Identity-Aware U-Net: Fine-grained Cell Segmentation via Identity-Aware Representation Learning

arXiv cs.CV / 4/14/2026

📰 NewsSignals & Early TrendsIdeas & Deep AnalysisModels & Research

Key Points

  • The paper proposes Identity-Aware U-Net (IAU-Net), which targets fine-grained cell/object segmentation where instances have highly similar shapes and ambiguous boundaries.
  • IAU-Net extends a U-Net encoder-decoder with an auxiliary embedding branch that learns identity-discriminative representations alongside the main pixel-level mask prediction.
  • It improves separation of morphologically similar objects by adding triplet-based metric learning that groups target-consistent embeddings and pushes apart hard negatives.
  • Experiments on cell segmentation benchmarks reportedly show strong performance gains in dense scenes with overlapping instances and near-identical contours/textures.
  • The work frames segmentation as an identity-aware problem, aiming to move beyond category-level localization toward reliable instance discrimination in dense prediction tasks.

Abstract

Precise segmentation of objects with highly similar shapes remains a challenging problem in dense prediction, especially in scenarios with ambiguous boundaries, overlapping instances, and weak inter-instance visual differences. While conventional segmentation models are effective at localizing object regions, they often lack the discriminative capacity required to reliably distinguish a target object from morphologically similar distractors. In this work, we study fine-grained object segmentation from an identity-aware perspective and propose Identity-Aware U-Net (IAU-Net), a unified framework that jointly models spatial localization and instance discrimination. Built upon a U-Net-style encoder-decoder architecture, our method augments the segmentation backbone with an auxiliary embedding branch that learns discriminative identity representations from high-level features, while the main branch predicts pixel-accurate masks.

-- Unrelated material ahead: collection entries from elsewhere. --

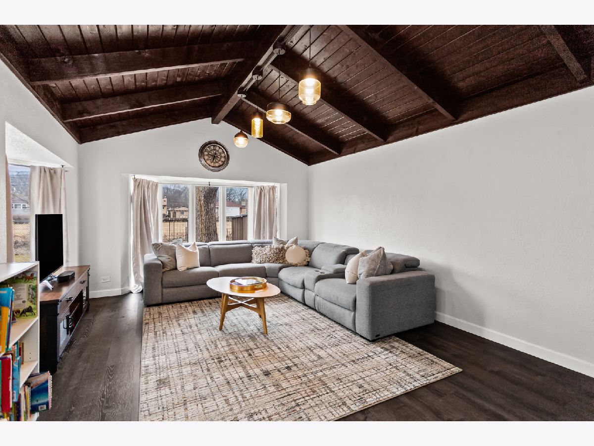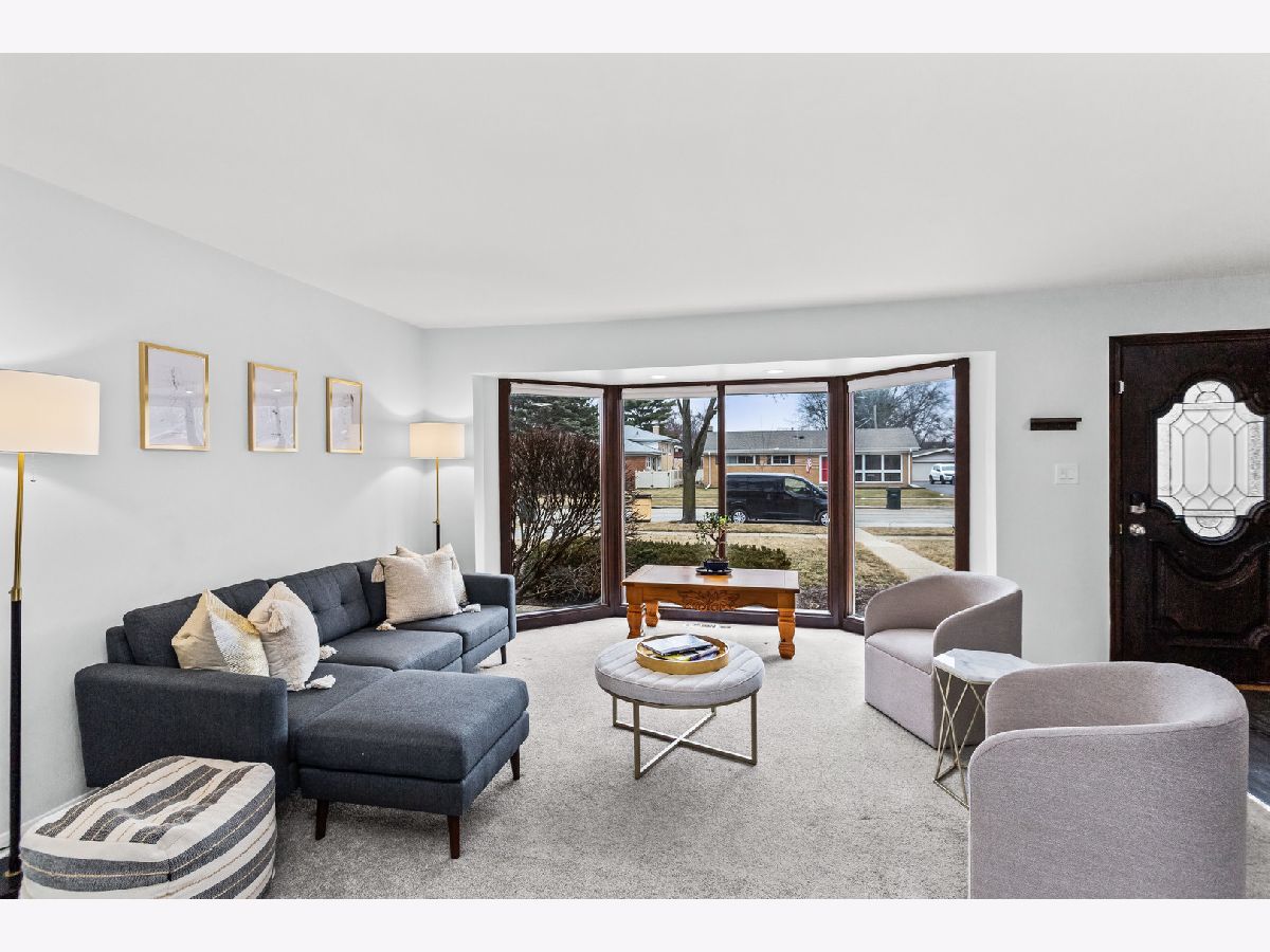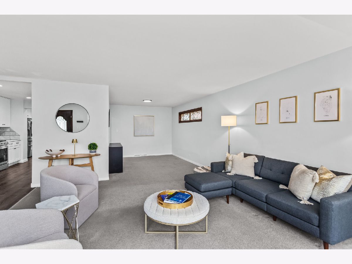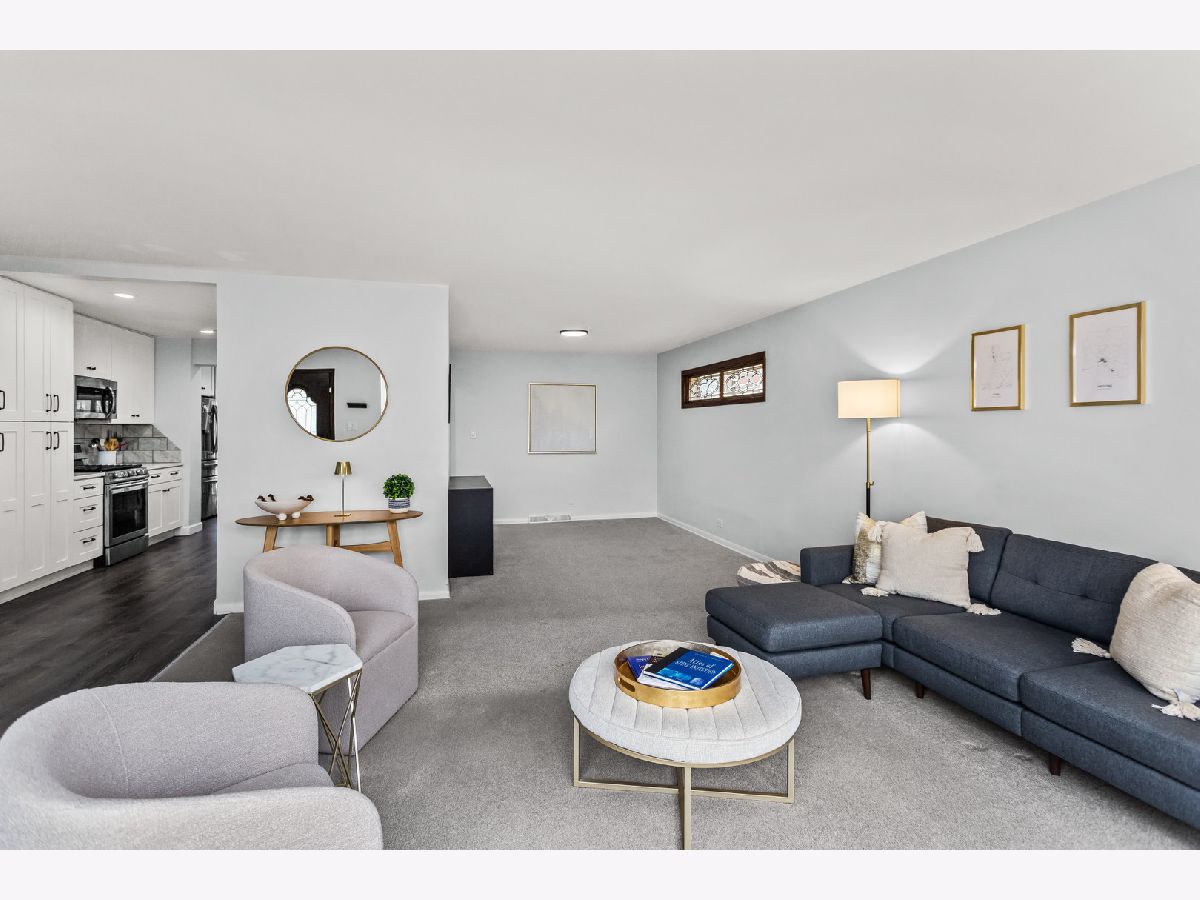 Welcome to 5738 Lyons Street, a spectacular 3+1 bedroom, 2.5-bath ranch tucked away on a quiet dead-end street in the heart of Morton Grove. Beautifully updated for today's lifestyle and set on a picture-perfect lot backing to open green space, this home offers privacy, space, and unexpected scale. Step inside and prepare to be impressed, this home lives much larger than it appears. The welcoming foyer opens to a bright, expansive living room drenched in natural light from dramatic floor-to-ceiling windows. Seamlessly connected is a generously sized formal dining room, ideal for hosting holiday gatherings, dinner parties, or everyday family meals, creating an effortless flow for entertaining. The stunning white kitchen is both timeless and functional, featuring stainless steel appliances, 42" soft-close cabinetry, quartz countertops, and a generous eating area with peaceful backyard views. Just beyond, the show-stopping family room truly lives like a great room. Soaring vaulted ceilings with exposed beams, walls of windows, and a cozy gas fireplace create the perfect setting for gatherings, entertaining, or relaxed evenings at home. The main level offers 3generously sized bedrooms, a beautifully updated full bath, and a convenient powder room tucked into a private wing off the foyer. The fully finished lower level expands the living space even further, offering a spacious recreation room with wet bar, a fourth bedroom, full bath, dedicated laundry room, and abundant storage. Ideal for guests, extended family, or flexible work-from-home living. Step outside to enjoy the lush, fenced backyard with a brick paver patio overlooking the lawn, and a gate that opens to a large garden area and open field beyond, a rare and serene backdrop. Located in the highly sought-after Niles West High School district and just minutes from Old Orchard, parks, playgrounds, bike paths, golf courses, horse stables, and expressway access, this home truly offers the best of comfort, convenience, and setting. A rare opportunity, this is one you won't want to miss. Updates include: Carpet in bedrooms 2021, Floors/baseboards 2021, Repaired gaps in subfloors 2021, Vent upgrades 2021/2024, Kitchen remodel 2021, New laundry room 2021, Upgrade electrical panel 2021, Roof inspection 2024, Radon test 2024, Basement remodel (+ bedroom/bathroom) 2023, New shed 2022, Tree trim 2024, Gate addition 2024, Additional sewer pump 2023, 4 new windows downstairs 2023, New washer and dryer 2024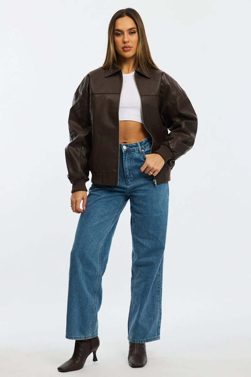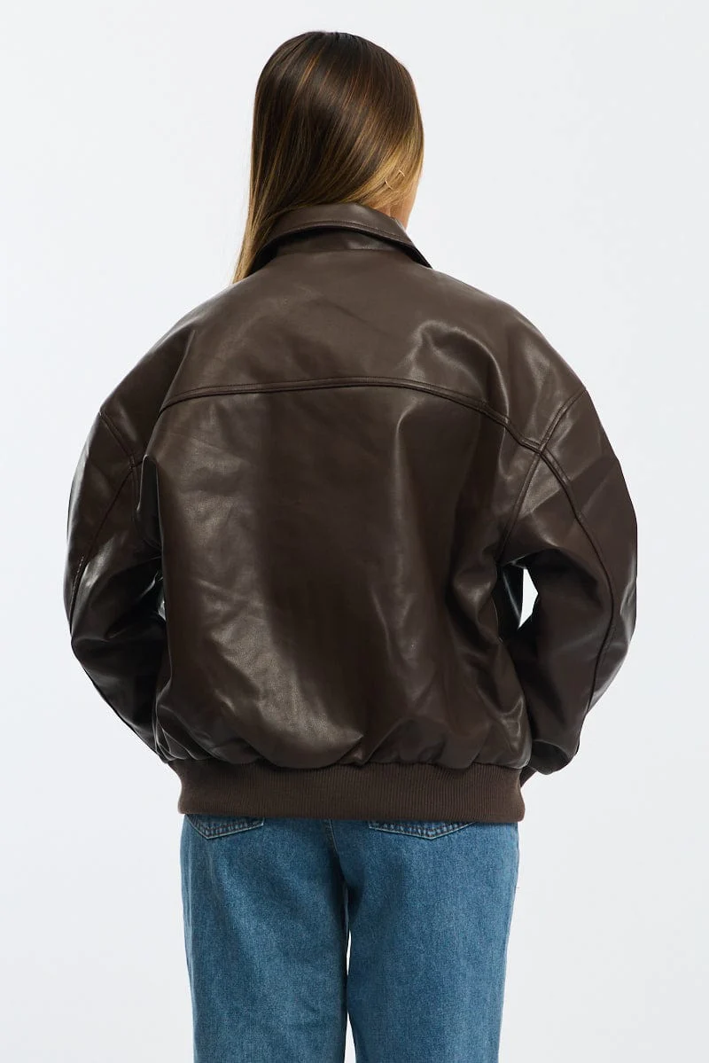 Brown Bomber Jacket Faux Leather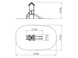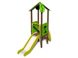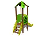 Turm, Rutsche, Dach in Blattform, 2x Barriereaus HDPE, Schrägrampe mit Stufen und HDPE-Griffen. Mehr Informationen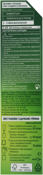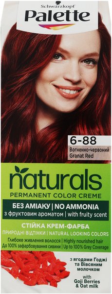 - Стійка крем-фарба для волосся Schwarzkopf Palette Naturals без аміаку 6-88 Вогняно-червоний 110мл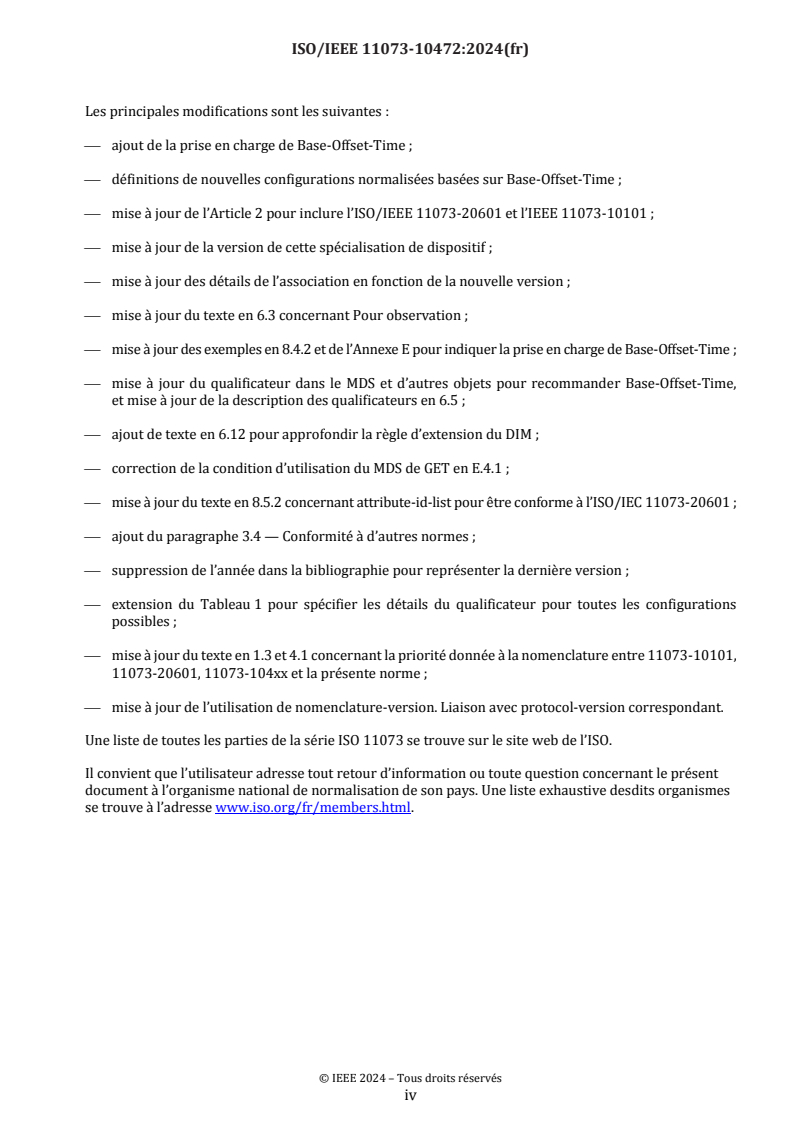 normes existantes, y compris la terminologie et des modèles d’informations de l’ISO/IEEE 11073. Elle spécifie l’utilisation de
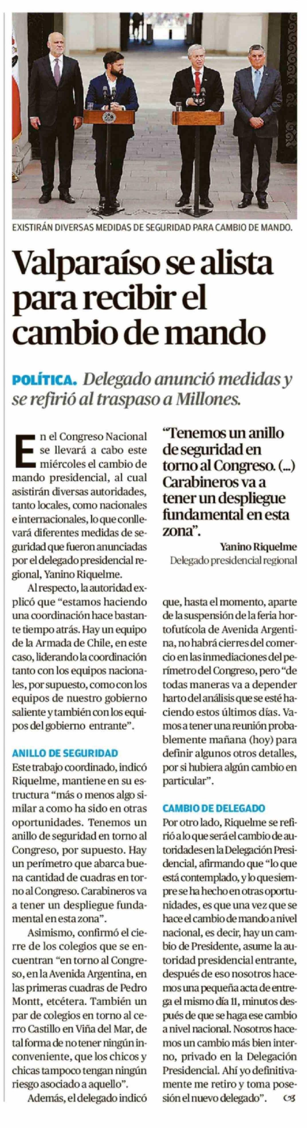 Valparaíso se alista para recibir el cambio de mando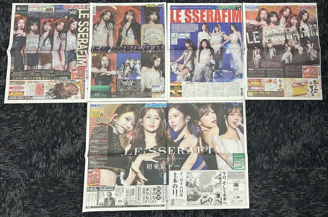 「LE SSERAFIM」が、日本の主要なスポーツ新聞の一面を飾り、話題を集めた。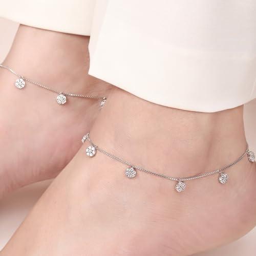 Enhance your ankle with this beautiful pair of 925 sterling silver anklets featuring cubic zirconia floral design. Hypoallergenic and stamped for authenticity.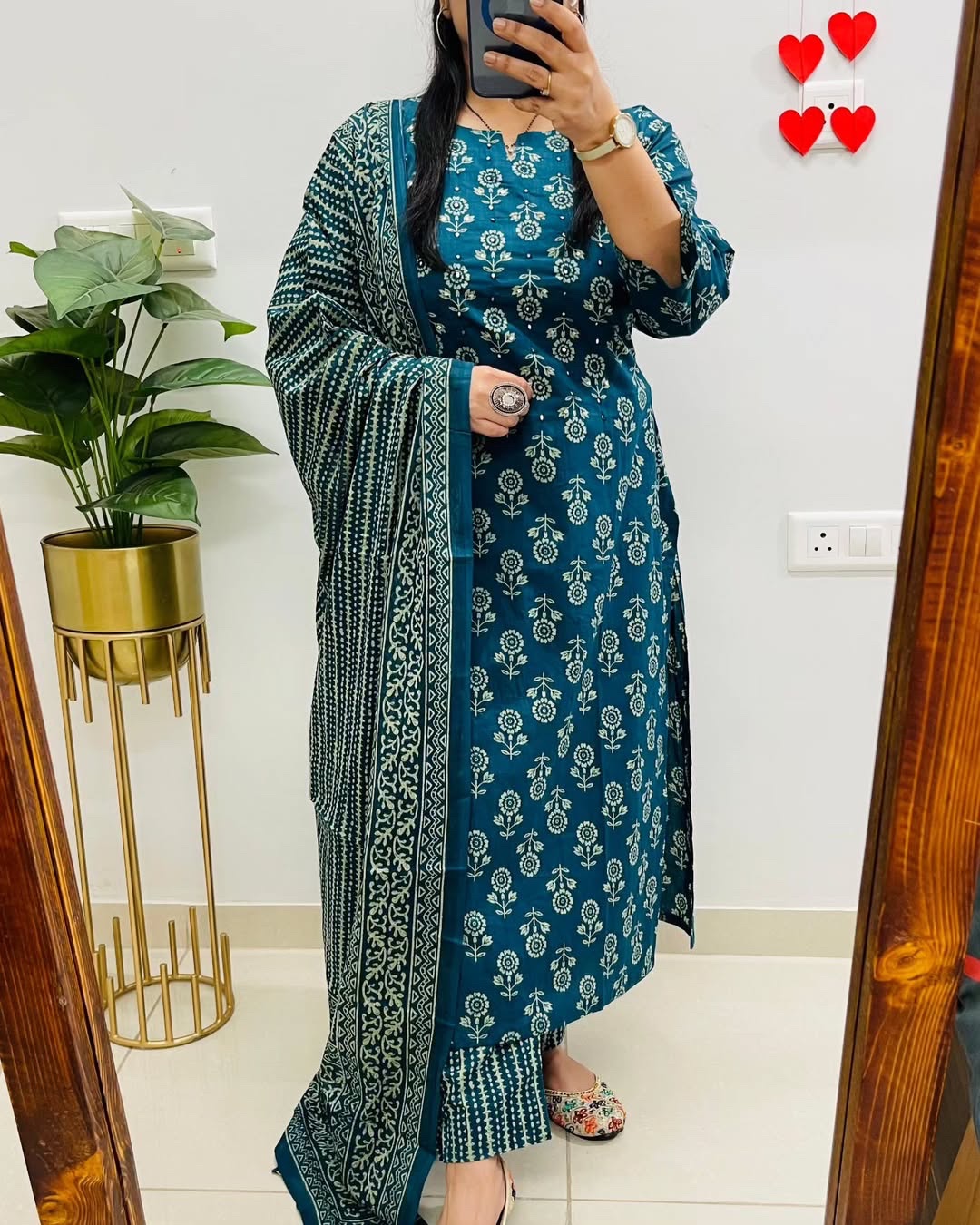 Premium Cotton Mirror worked Salwar Suit- Rama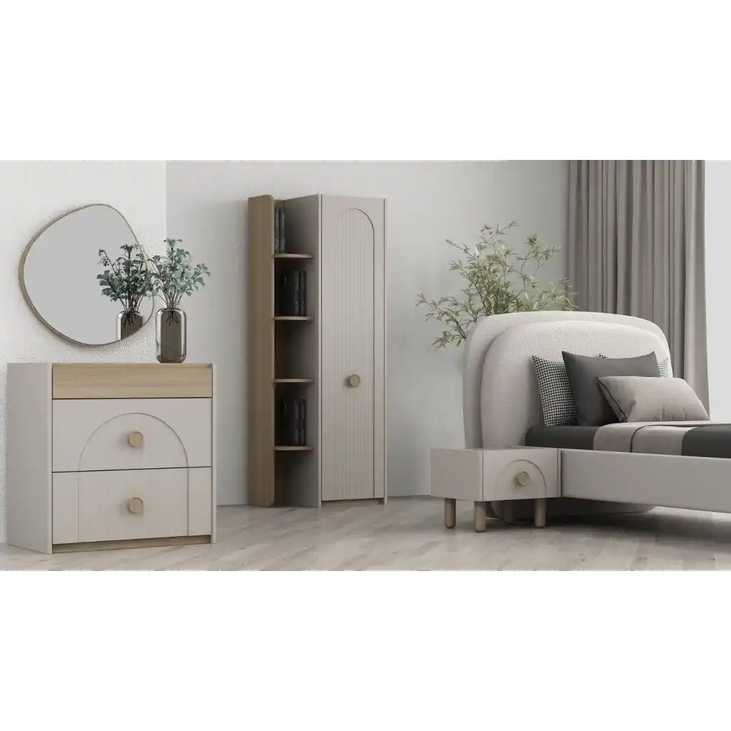 - Genç odası, karyola, şifonyer, komodin gibi parçalardan oluşan takım, gençlerin ihtiyaçlarına pratik çözümler sunar.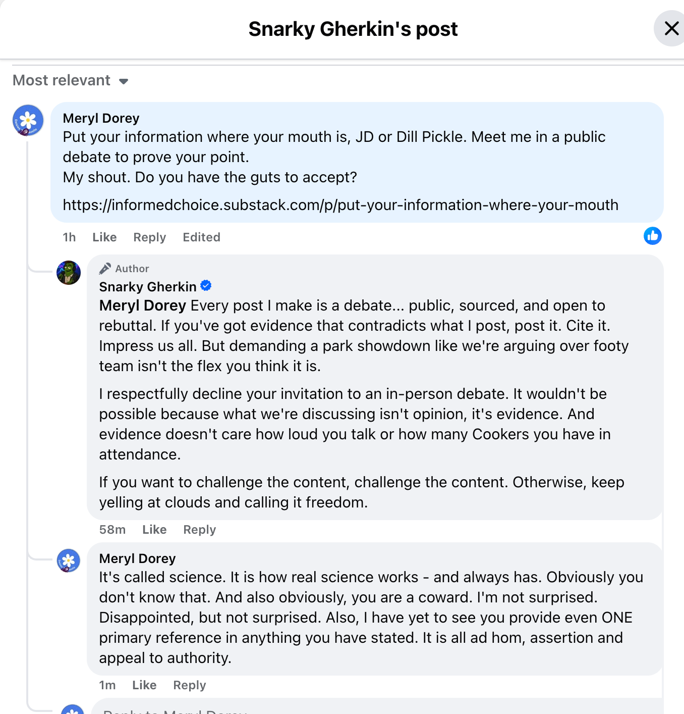 Big brave pickle was challenged. Big brave pickle showed his true cowardly side. Diddums.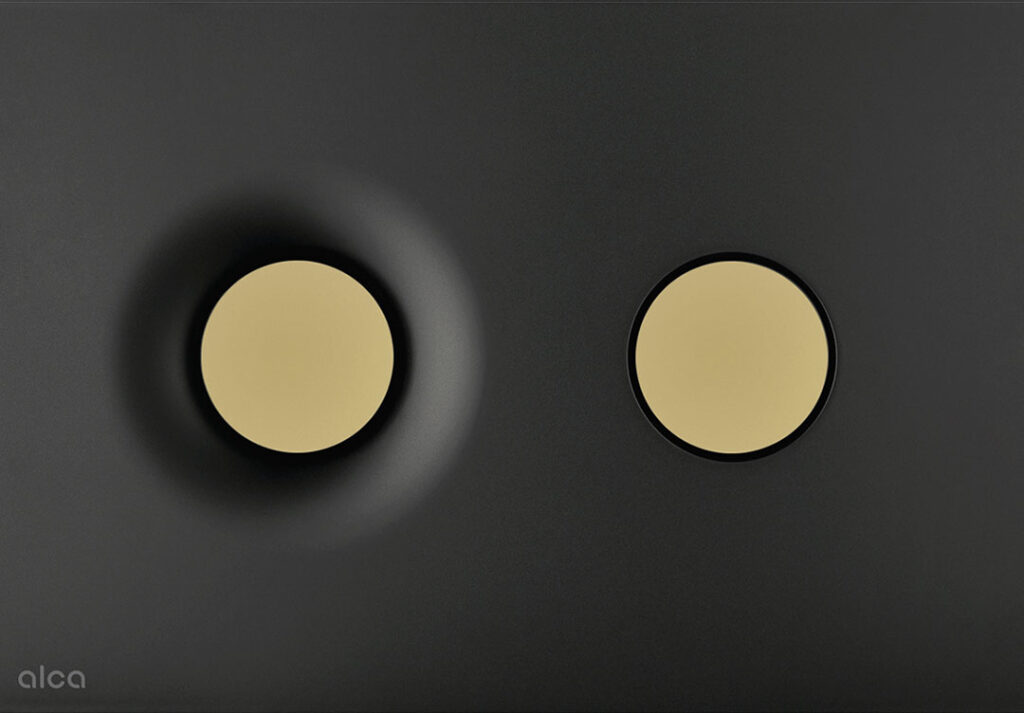 Flush plate for pre-wall installation systems, black-matt/gold-matt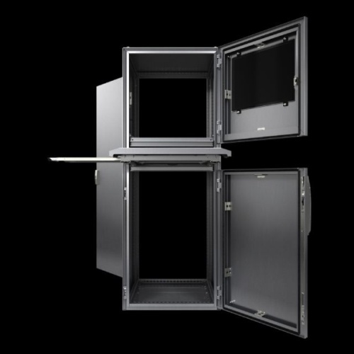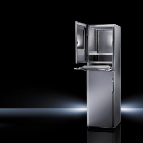 Rittal 4650150 - Includes: Housing, solid top and sides, Rear door with locking rod, Glazed door at the top, latched from the inside, Component shelf, Keyboard drawer with fold, down front door for handrest and mousepad tray, Lock insert, lock no. 3524 E, Bottom door with locking rod, Base plates, divided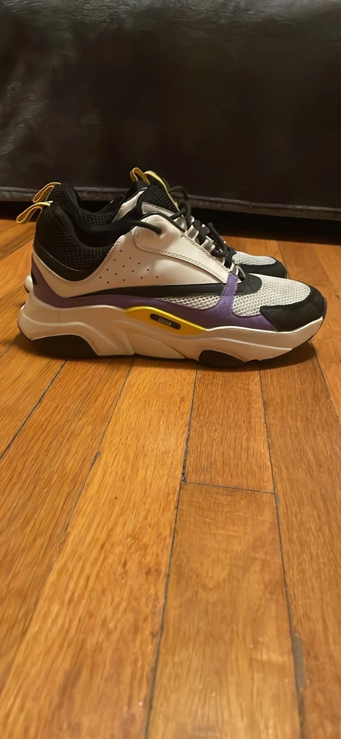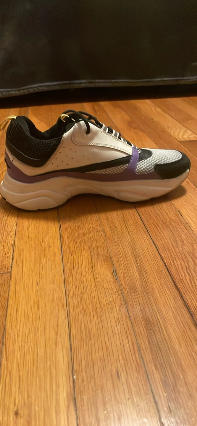 Selling a pair of Dior sneakers. They feature a stylish design with white, black, and purple accents. These sneakers are perfect for adding a touch of luxury to your casual outfits!

To enhance robustness in distinguishing objects with near-identical contours or textures, we further incorporate triplet-based metric learning, which pulls target-consistent embeddings together and separates them from hard negatives with similar morphology. This design enables the model to move beyond category-level segmentation and acquire a stronger capability for precise discrimination among visually similar objects. Experiments on benchmarks including cell segmentation demonstrate promising results, particularly in challenging cases involving similar contours, dense layouts, and ambiguous boundaries.